Dat Dubbelman zijn wetenschappelijke onderzoek aan de TU/e bij AIIM direct in de praktijk brengen, bevalt hem goed. “Universiteiten zijn heel transparant; we publiceren alle onderzoeksresultaten. Daar zie je bedrijven dan mee aan de haal gaan en van profiteren. Geweldig natuurlijk, maar met AIIM kunnen we er nu zelf ook van profiteren.”

Prototype van een zelfrijdende auto

AIIM bestaat uit twee afdelingen: next-gen mobiele robotica en het ondersteunen van de lokale mobiliteitsindustrie in de Brainportregio. Voor de laatstgenoemde tak ontwikkelde AIIM een prototype van een zelfrijdende voertuig. Aan boord van het voertuig bevindt zich de complete infrastructuur aan netwerken en software. “Bedrijven ontwerpen een stukje AI-software dat een specifiek probleem oplost in een grotere keten. Wij integreren hun stukje software in ons voertuig, zodat ze hun technologie in het grotere geheel kunnen testen”, vertelt Dubbelman.

Intuïtieve navigatie

Het prototype bood AIIM ook mogelijkheid om de eigen AI-technologie te testen. “We zijn gaan kijken: waar willen we onze eigen technologie gaan toepassen? In de automotive sector moeten we concurreren met grote automerken die complete AI-afdelingen hebben, terwijl we in de AGV-sector (Automatic Guided Vehicle) echt een verschil kunnen maken.”

AIIM focust dus op de toepassing van AI in de AGV-sector. Het doel is om een nieuwe generatie robots op de markt te brengen: Autonomous Mobile Robot (AMR). De robots navigeren intuïtief, zodat ze flexibeler en robuuster worden, in tegenstelling tot hun voorgangers.

Dubbelman noemt de automatisering van de robot in een warehouse als voorbeeld. “De robots zijn er al, maar wij maken ze slimmer. De meeste AGV’s die nu rondrijden, doen dat over vaste paden en zijn tot op de laatste millimeter geprogrammeerd. Eigenlijk zijn het vrij domme systemen”, zegt Dubbelman. “Zodra er iets misgaat, ligt alles stil.”

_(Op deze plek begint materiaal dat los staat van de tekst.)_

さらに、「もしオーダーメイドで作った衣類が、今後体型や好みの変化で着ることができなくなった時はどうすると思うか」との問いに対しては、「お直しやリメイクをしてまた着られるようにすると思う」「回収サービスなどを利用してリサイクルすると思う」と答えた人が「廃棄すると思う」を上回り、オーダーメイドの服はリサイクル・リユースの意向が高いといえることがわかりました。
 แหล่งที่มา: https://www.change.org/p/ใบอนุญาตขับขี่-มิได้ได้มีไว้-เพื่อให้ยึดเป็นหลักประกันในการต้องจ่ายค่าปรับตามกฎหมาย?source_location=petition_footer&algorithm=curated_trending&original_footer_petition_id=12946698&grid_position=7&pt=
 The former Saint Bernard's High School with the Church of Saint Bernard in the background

Mapping, lokalisering en objectherkenning

Objectherkenning en de omgeving van de robot in kaart brengen – en aangeven waar de robot zich op die kaart bevindt (mapping en lokalisering) – zijn de twee belangrijkste aspecten bij automatisering van AGV’s. Lokalisering is een klassieke technologie die de robot van A naar B laat rijden. AIIM zet vooral in op het eerste aspect: het geven van betekenis aan objecten. “We trainen een kunstmatig netwerk om objecten te herkennen in beelden. Dat doen we door bijvoorbeeld duizenden voorbeelden van een pallet te laten zien, zodat het netwerk ze in het vervolg zelf kan herkennen.”

Vertrouwensslag

AIIM levert de software aan de AGV-fabrikant, die de robots uiteindelijk verkoopt aan de eindklant. “Het is voor zowel AIIM als de AGV-fabrikant nog heel erg zoeken hoeveel die eindklant overheeft voor een nieuwe generatie automatische AGV”, vertelt Dubbelman. Bovendien moet de eindklant vertrouwen krijgen in de AI-technologie.

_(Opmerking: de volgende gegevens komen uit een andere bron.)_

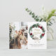 Esta tarjeta de Navidades cuenta con una ranura para fotografía, una elegante fuente caligráfica dorada con una corona borgoña y una flor de pino. Edite *most* frases para que coincidan con sus necesidades y edite los colores de fondo a su gusto.

“Een grote uitdaging”, vertelt Dubbelman. “Een bedrijf gaat geen miljoenen investeren als het niet zeker weet of de technologie honderd procent betrouwbaar is. Samen met onze partners moeten we dus projecten draaien om te bewijzen dat onze technologie werkt. Zonder subsidies lukt dat niet. Aansluiting vinden bij nationale en Europese subsidieprojecten, is dus heel belangrijk. Brainport is daarin een belangrijke schakel.”

Roerig begin

AIIM heeft een roerig begin achter de rug: het eerste jaar stond in het teken van opstarten en vervolgens brak er een wereldwijde pandemie uit. Inmiddels bevindt de start-up zich in het derde jaar, en ziet Dubbelman dat er zich steeds meer kansen voordoen. De aankomende twee jaar moet de technologie van AIIM écht volwassen worden.  

“Dat kunnen we alleen bereiken samen met AGV-producenten die in ons geloven, zodat we een eindproduct ontwikkelen die we samen aan een eindklant kunnen verkopen.” Over vijf jaar hoopt Dubbelman dat er een kleine duizend AGV’s rondrijden in Europese magazijnen met de AI van AIIM. “Die robots zijn 24/7 actief en worden ingezet om de productie en logistieke processen efficiënter en flexibeler te maken.”